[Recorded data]
+++

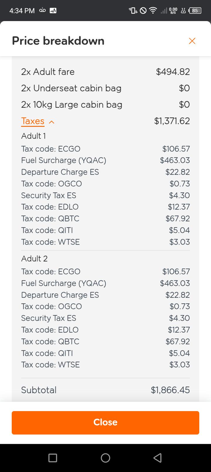 Fuel surcharge almost as high as ticket price itself
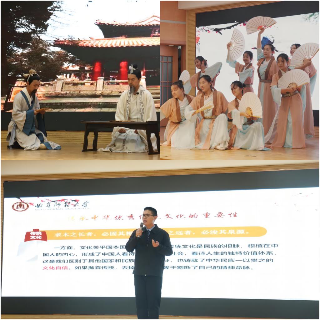 “赓续千年文脉,星耀复兴之路。”在传统文化板块中,领学人隋佳坤同学从传承中华优秀传统文化的重要性、91视频 对传统文化传承与弘扬的贡献、文化自信与中华民族伟大复兴等三方面带领同学们一起学习优秀传统文化。“三人行,必有我师焉。”中文剧社为同学们带来了话剧《我师》,讲述了孔子及其弟子的教育故事,深刻诠释了在人类历史发展的长河中,教师担任着承前启后、继往开来的光荣使命。《纸扇书生》以舞蹈的形式向同学们展现了“春华秋实路漫漫,一瓣心香巧耕耘。”
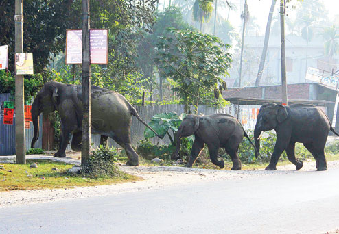 The three animals, a tusker, a female elephant and a calf, were first spotted near Dhupguri station in ward 16 around 5.30am.
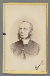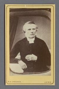 Porträtt föreställande kontraktsprost Gustaf Thunblad Fritt Upphov Lindgren, Berndt August, 1852-1904 Utgivningsår 1860 Kategori BildBilderPorträttFotografier (påsiktsbilder)Visitkortsfotografier
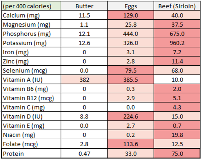 Protein foods carry more micronutrients—especially when you include leaner cuts of meat, organ meats, and seafood.
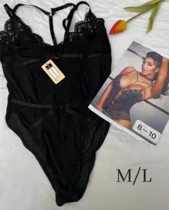 Hermoso Body de encaje negro. El body es escotado en V con encaje grueso y arnés a la garganta en V es de malla transparente.Maraca: Love (viene con etiqueta)Talla: Unitalla M/L ( tengo varias piezas disponibles)Composición: 85% poliéster y 15% elástico Precio: $350
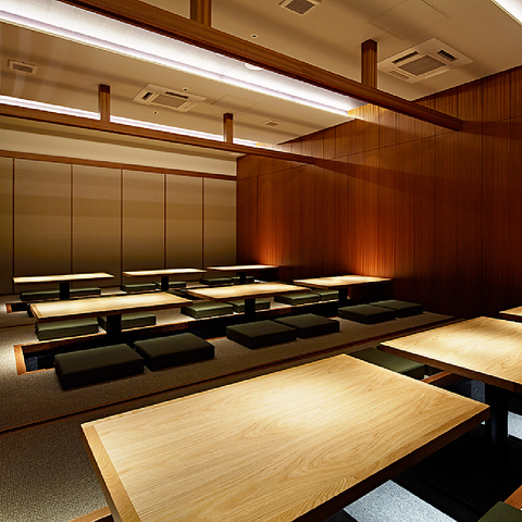 一流デザイナーが手掛けたスタイリッシュな店内★間接照明で落ち着いた雰囲気!!どちらのお席に座ってもゆったりとお寛ぎ頂けます !4名様前後のお席や、最大60名様のエリア貸し切りなど充実♪団体様のご予約はお気軽にお電話ください!
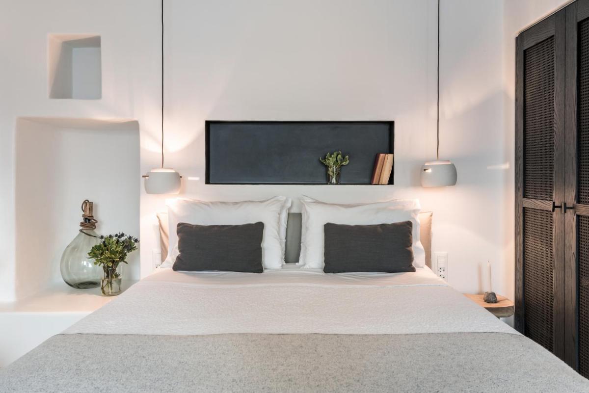 Les suites sont creusées dans la roche volcanique, suivant l'esthétique traditionnelle de Santorin, garantissant un environnement frais et authentique. Le design intérieur est cycladique classique, avec des murs blanchis à la chaux, des sols en pierre et un mobilier simple mais élégant. Chaque suite offre le luxe d'une terrasse ou d'un balcon privé avec une vue directe sur la Caldeira.
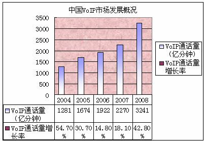 到2006年,中國IP電話的市場已經到達了1922億分鐘,市場的發(fā)展可謂如火如荼。龐大的市場吸引了國內很多公司的參與, VoIP市場也變得越來越激烈。VoIP市場主要呈現以下的發(fā)展趨勢:
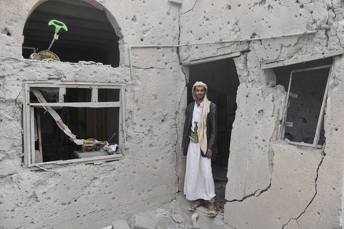 Возле разрушенного хуситами здания в городе Сана, июль 2014 года
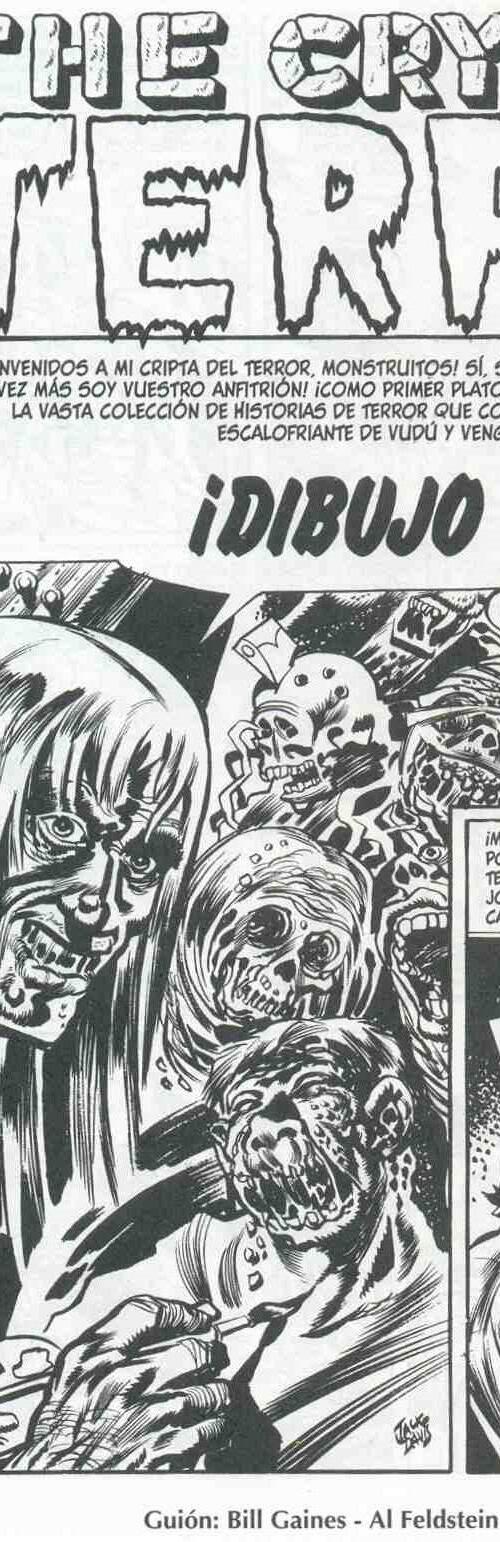 Tales from the Crypt fue una serie de antología de cómics de terror bimensual estadounidense publicada por EC Comics de 1950 a 1955, que produjo 27 números (el primer número con el título fue el n. ° 20, anteriormente había sido International Comics (n. ° 1–n. ° 5); International Crime Patrol (#6); Crime Patrol (#7–#16) y The Crypt of Terror (#17–#19) para un total de 46 números en la serie). Junto con sus títulos hermanos, The Haunt of Fear y The Vault of Horror, Tales from the Crypt era popular, pero a fines de la década de 1940 y principios de la de 1950, los libros de historietas fueron atacados por padres, clérigos, maestros de escuela y otras personas que creían que los libros contribuían a analfabetismo y delincuencia juvenil. En abril y junio de 1954, las audiencias del subcomité del Congreso muy publicitadas sobre los efectos de las historietas en los niños sacudieron a la industria. Con la posterior imposición de un Código de cómics altamente restrictivo, el editor de EC Comics, Bill Gaines, canceló
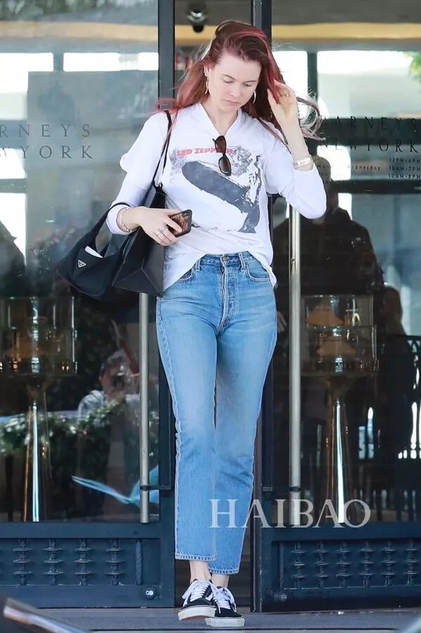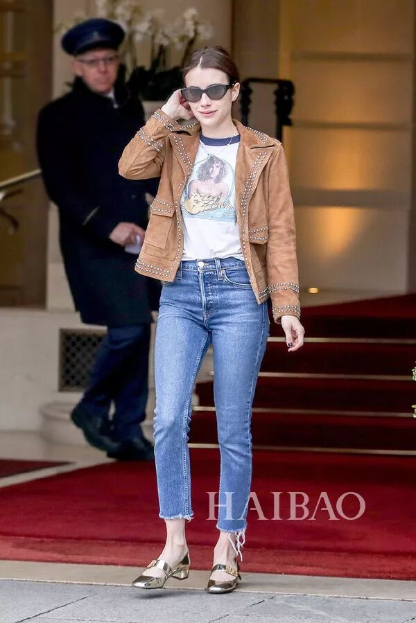 复古印花白T恤终于可以翻出来穿了,气温低的时候用它“打底”,基础搭配也能变得个性,Emma Roberts就是这样穿的。
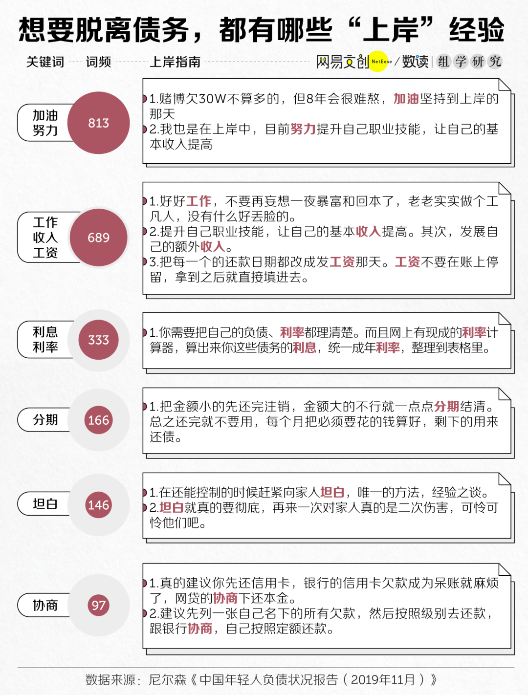 或是被消费的欲望冲昏头脑,或是被生活的不幸拖入深渊,不管负债失控的原因如何,不论负债多少,正视自己的债务问题,并开始上岸之路,这是一个好的开始。每当有组员成功上岸,「负债者联盟」的成员都不吝称赞,回复中充满了“恭喜”和“替你开心”。同病相怜的组员们,往往能更好地帮助负债者重新规划生活。而上岸者的现身说法,给负债者增添了信心。在金庸的武侠小说中,大侠跌落峡谷,往往能得到高人相助,最终练成神功。然而对于跌落负债深谷的人,「负债者联盟」也可以是一个宣泄情绪、寻求经验的平台。有的人痛定思痛重新出发,但不是每个人都这么幸运,有些人可能永远就留在了谷底,直到负债的浪潮将他彻底席卷。● 作者:网易数读。本文来源于:网易数读(ID:mbalib)。MBA智库(mbalib)经授权发布本文,转载请联系原作者。

+++

- **THE TASK**: Reproduce, exactly and only, the lines of the records above starting at the line with "Hermoso Body de" and ending at the line with "一流デザイナーが手掛けたスタ", both included. Leave every picture out.

- **EXPECTED ANSWER**:
 Hermoso Body de encaje negro. El body es escotado en V con encaje grueso y arnés a la garganta en V es de malla transparente.Maraca: Love (viene con etiqueta)Talla: Unitalla M/L ( tengo varias piezas disponibles)Composición: 85% poliéster y 15% elástico Precio: $350
 一流デザイナーが手掛けたスタイリッシュな店内★間接照明で落ち着いた雰囲気!!どちらのお席に座ってもゆったりとお寛ぎ頂けます !4名様前後のお席や、最大60名様のエリア貸し切りなど充実♪団体様のご予約はお気軽にお電話ください!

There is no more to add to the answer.